I didn’t want to offend his smile.
Barry didn’t say another word, but he didn’t need to. His furrowed brows and wrinkled nose spoke volumes for him. He set the mail on the ledge and without another word, he slinked backward, before turning around and walking away as if he’d just fed an angry pit bull and was trying not to get bitten.
But I was angry. Confusion is a bitch. It leads to questions, which only lead to more questions, which leads to being frustrated, which leads to being pissed off.
“He wants to see you in his office,” Nadine said. “Your mother is there, too. They’re waiting for you.”
“Really?” I stood from the swing, automatically smoothing down my hair and adjusting my shorts, pulling on them so they would appear longer.
Which was odd, because I didn’t care what they thought of me, but the motion to make sure I was presentable was automatic. I’d seen the same Town Car that had taken me from King’s pull up that morning, but I didn’t have any sort of urge to rush up to the senator and welcome him home either. He may not have been the one who had ordered for King to be killed, but there was something way too coincidental about the entire situation that was keeping me on edge with my guard up and locked firmly in place.

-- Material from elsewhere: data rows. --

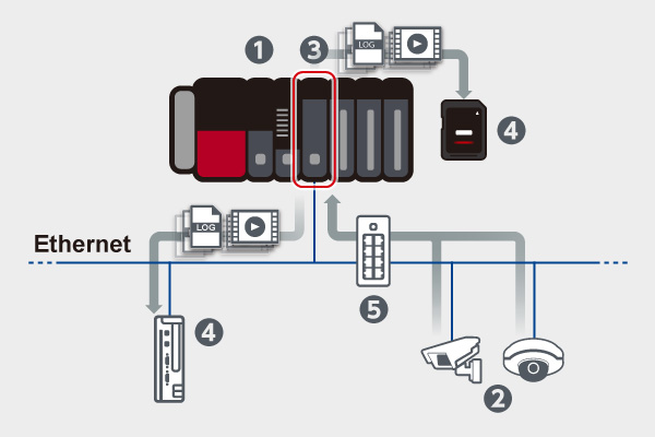 - ❹SDメモリカード または ファイルサーバー(NAS 等)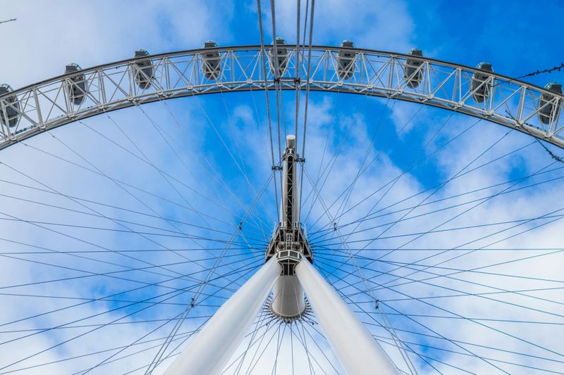Le London Eye est unique car c’est la plus grande roue d’observation en porte-à-faux, un exploit d’ingénierie qui signifie qu’il n’a pas de structure centrale. Soutenue par des câbles tendus, la roue semble flotter dans le ciel. Son design unique et innovant a été central à sa construction, nécessitant la collaboration de plusieurs équipes d’ingénieurs, notamment des experts en aéronautique et architectes.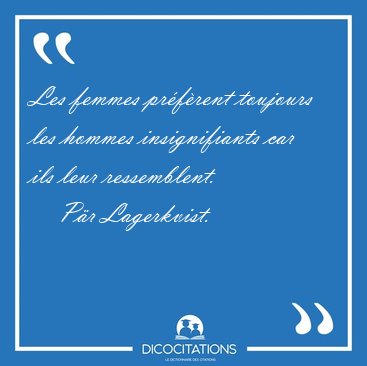 ![Les femmes préfèrent toujours les hommes insignifiants car ils [...] - Pär Lagerkvist... Les femmes préfèrent toujours les hommes insignifiants car ils [...] - Pär Lagerkvist...](/imagescitations/Les_femmes_preferent_toujours_les_hommes_insignifiants_car_ils_-_Par_Lagerkvist-135709.jpg)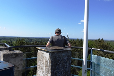 Bald danach sind wir am Großen Eierberg, dem Suur Munnumägi, stolze 312 m hoch. Die eigentliche Bergbesteigung sind dann gerade einmal etwa 40 Höhenmeter. Vom Aussichtsturm hat man einen weiten Blick über die Landschaft Estlands im Osten, die wir nun verlassen werden.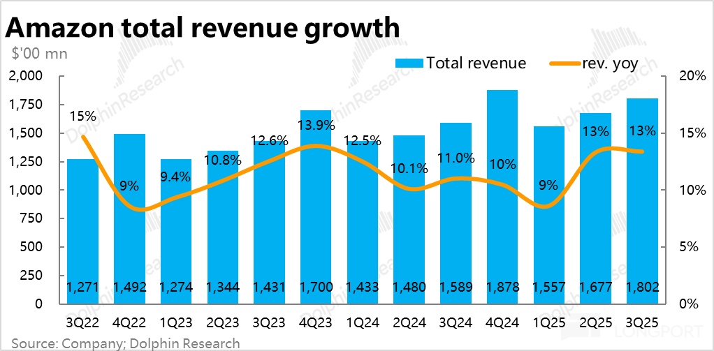 Combining all business lines, driven by AWS's outperformance and stable growth in the e-commerce segment, Amazon's total revenue this quarter was $180.2 billion, up 13.4% year-on-year, slightly accelerating by 0.1 percentage points quarter-on-quarter, also exceeding market expectations of $177.8 billion.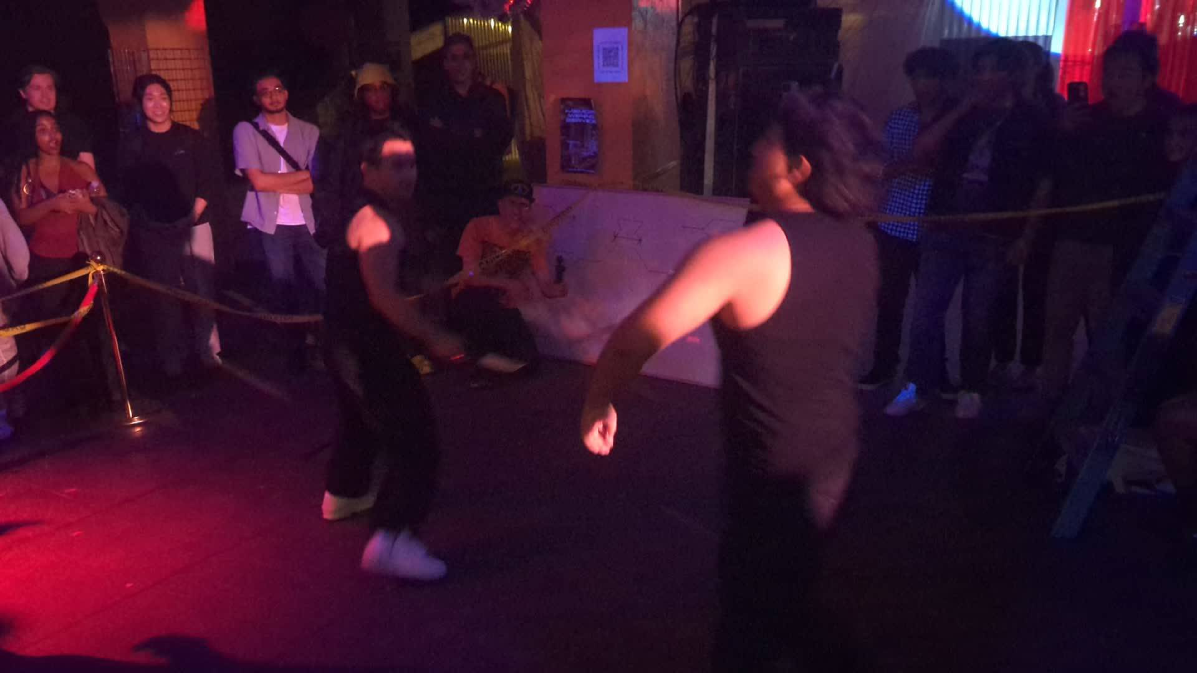 Hsing leaned into the spectacle in a sleeveless crimson top, a sash belt, and wide-leg black cargo pants. Neither used their martial skills. “I don’t like hurting people, believe it or not,” Hsing said. “I was just dodging and trying to get it in.”

“Is my mother feeling any better?” I asked as I followed Nadine to the study. The house wasn’t large by any means. The glass doors of my father’s study could be seen from any point in the great room and kitchen and it was a straight shot from the front door. There was no need for her to show me where it was. But then I realized that Nadine was just trying to be mindful of my memory loss.
“Thank you,” I said. Nadine nodded and with a tight smile, before going back to her work in the kitchen.